▶ **Task goal**: Copy exactly the lines of the data below, beginning with the line with "图为2013年7月7日,英国" and ending with the line with "- BRIGHT AND". Pictures are to be omitted.

▶ **Data supplied**:
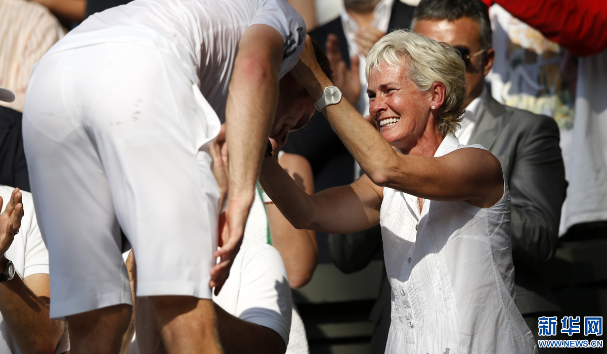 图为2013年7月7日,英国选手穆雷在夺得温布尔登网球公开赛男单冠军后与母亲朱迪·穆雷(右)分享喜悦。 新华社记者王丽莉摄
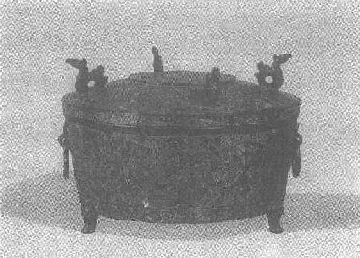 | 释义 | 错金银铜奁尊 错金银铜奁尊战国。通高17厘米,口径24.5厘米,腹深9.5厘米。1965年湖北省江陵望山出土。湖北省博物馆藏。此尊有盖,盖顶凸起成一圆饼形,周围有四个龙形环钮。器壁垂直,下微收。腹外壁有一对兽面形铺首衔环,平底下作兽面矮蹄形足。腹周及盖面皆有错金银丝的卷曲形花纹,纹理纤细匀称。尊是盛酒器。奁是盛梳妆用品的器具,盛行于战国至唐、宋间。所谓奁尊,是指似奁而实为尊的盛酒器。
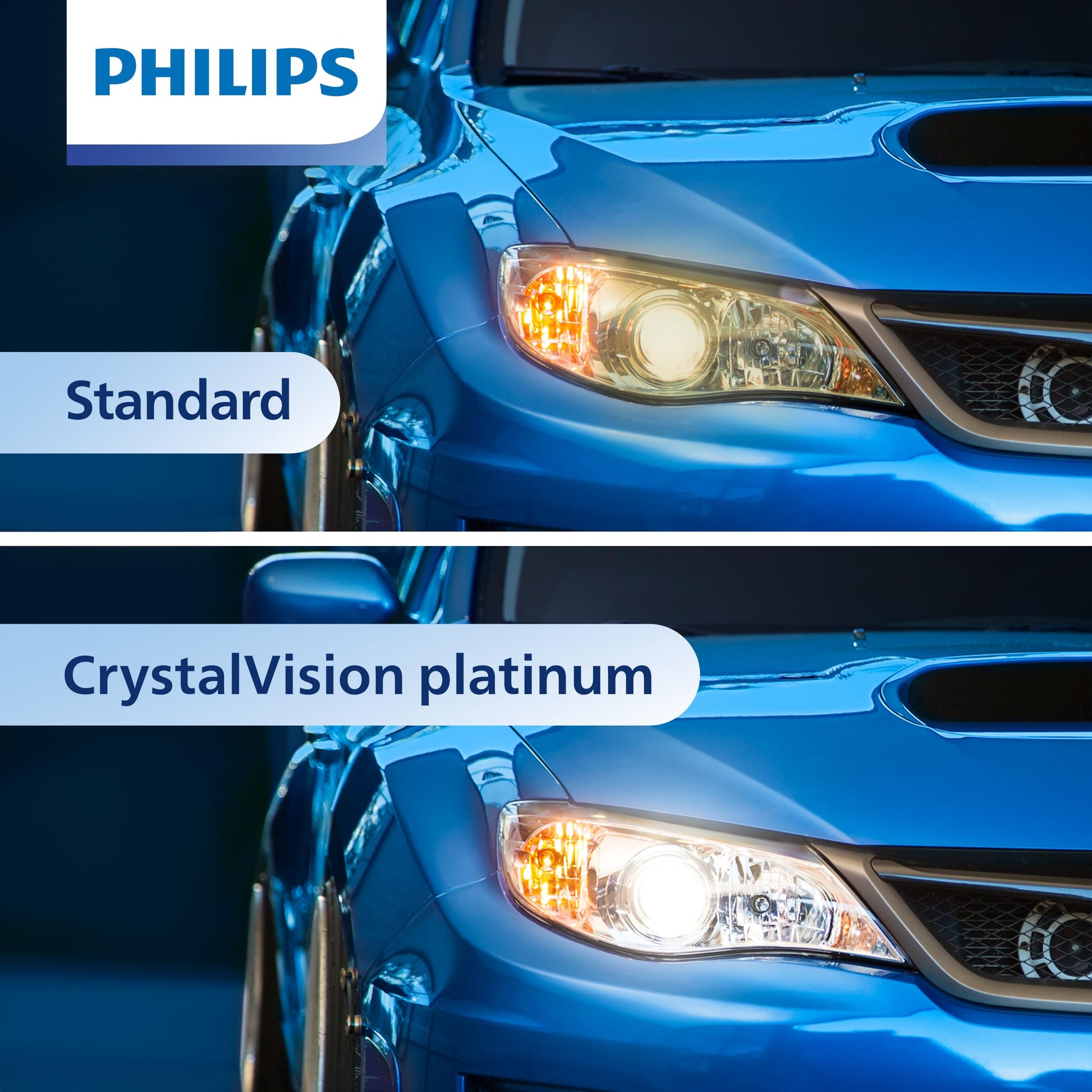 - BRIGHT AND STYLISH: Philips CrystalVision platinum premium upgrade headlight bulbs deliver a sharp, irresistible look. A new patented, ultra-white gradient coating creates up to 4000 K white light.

...

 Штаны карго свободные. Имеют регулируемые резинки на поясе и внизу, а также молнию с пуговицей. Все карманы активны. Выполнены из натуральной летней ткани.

* * *

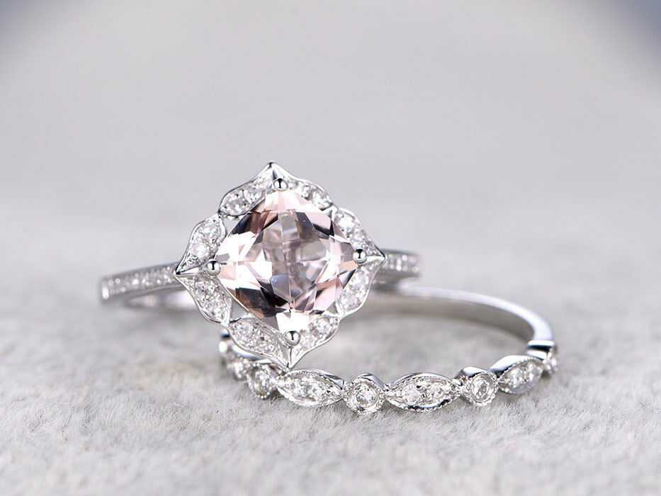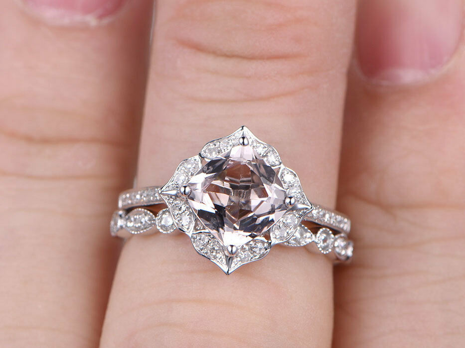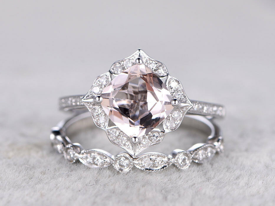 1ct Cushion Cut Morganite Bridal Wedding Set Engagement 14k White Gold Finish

▶ **Solution to this task**:
 图为2013年7月7日,英国选手穆雷在夺得温布尔登网球公开赛男单冠军后与母亲朱迪·穆雷(右)分享喜悦。 新华社记者王丽莉摄
 | 释义 | 错金银铜奁尊 错金银铜奁尊战国。通高17厘米,口径24.5厘米,腹深9.5厘米。1965年湖北省江陵望山出土。湖北省博物馆藏。此尊有盖,盖顶凸起成一圆饼形,周围有四个龙形环钮。器壁垂直,下微收。腹外壁有一对兽面形铺首衔环,平底下作兽面矮蹄形足。腹周及盖面皆有错金银丝的卷曲形花纹,纹理纤细匀称。尊是盛酒器。奁是盛梳妆用品的器具,盛行于战国至唐、宋间。所谓奁尊,是指似奁而实为尊的盛酒器。
 - BRIGHT AND STYLISH: Philips CrystalVision platinum premium upgrade headlight bulbs deliver a sharp, irresistible look. A new patented, ultra-white gradient coating creates up to 4000 K white light.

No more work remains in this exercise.